You want to troubleshoot this before throwing money and parts at it. My guess is that the dash gauge is disconnected.

Do as oldcutlass says above. Separate the wire coming from the sending unit from the wire coming from the front of the car. There is a connector usually around the license plate area. Then ground the side coming from dash gauge and turn the key to ON. The gauge should move immediately to E and stay there. Then remove the wire from ground, and the gauge should go immediately to F or more likely beyond it. If both of these things happen, the dash gauge is fine as is the wiring from the front of the car. The problem is likely then in the fuel tank sending unit or its ground.

The next thing to check is the sending unit ground, and that's up under the car in front of the gas tank. You'll have to crawl around under there to find it. It's just attached to the frame and exposed to the elements, so it could easily be corroded. Make sure its clean and tight and check the gauge again. With luck, this fixes the problem. If not, the problem is the sending unit, and that's no picnic. I don't know what you found at Summit, but no one make sending units for these cars. I have a '67 Delta which also had fuel gauge problems. It has the same sending unit as your car. I removed the tank and sending unit, and below is a photo of the sending unit. It consists of a plastic hockey-puck-like float that rides up and down on a shaft inside a canister. The canister has small holes in it, and the whole thing acts as a baffle to prevent the gauge needle from bouncing around as the car goes over bumps and around corners, causing the fuel to slosh around inside the tank.

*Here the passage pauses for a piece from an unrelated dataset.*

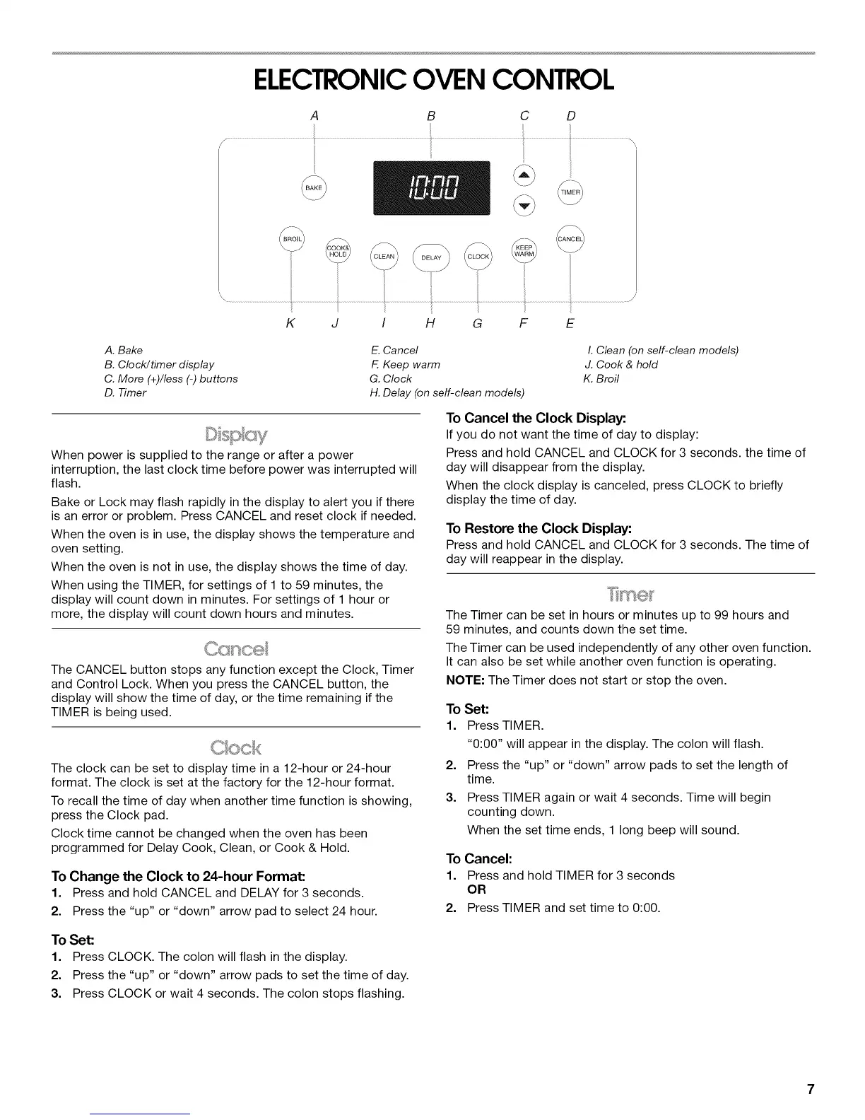 The CANCEL button stops any function except the Clock, Timer

I replaced my sending unit with one meant for a '72 Buick LeSabre, which IS made new. It's a drop-in replacement, but it's the float-on-a-hinge style that is not baffled, so the gauge WILL bounce around a bit as you drive. But at least you have a gauge.


This is the sending unit disassembled. The canister fits over the float unit. You can see the tiny holes in the side of the canister. That causes the level of fuel inside the canister to change slowly and prevents fuel sloshing from bouncing the float up and down. I tried to fix mine, but no matter what I did, I could not get the float to slide up and down on the shaft freely. I didn't want to have to drop the tank every few days to free the stuck float, so I decided to replace it. Not shown in the photo is the pickup pipe sock filter, which fits over the bottom end of the pickup pipe. Mine was completely disintegrated, and no replacement was available, which was another reason I ditched this one and bought the new one.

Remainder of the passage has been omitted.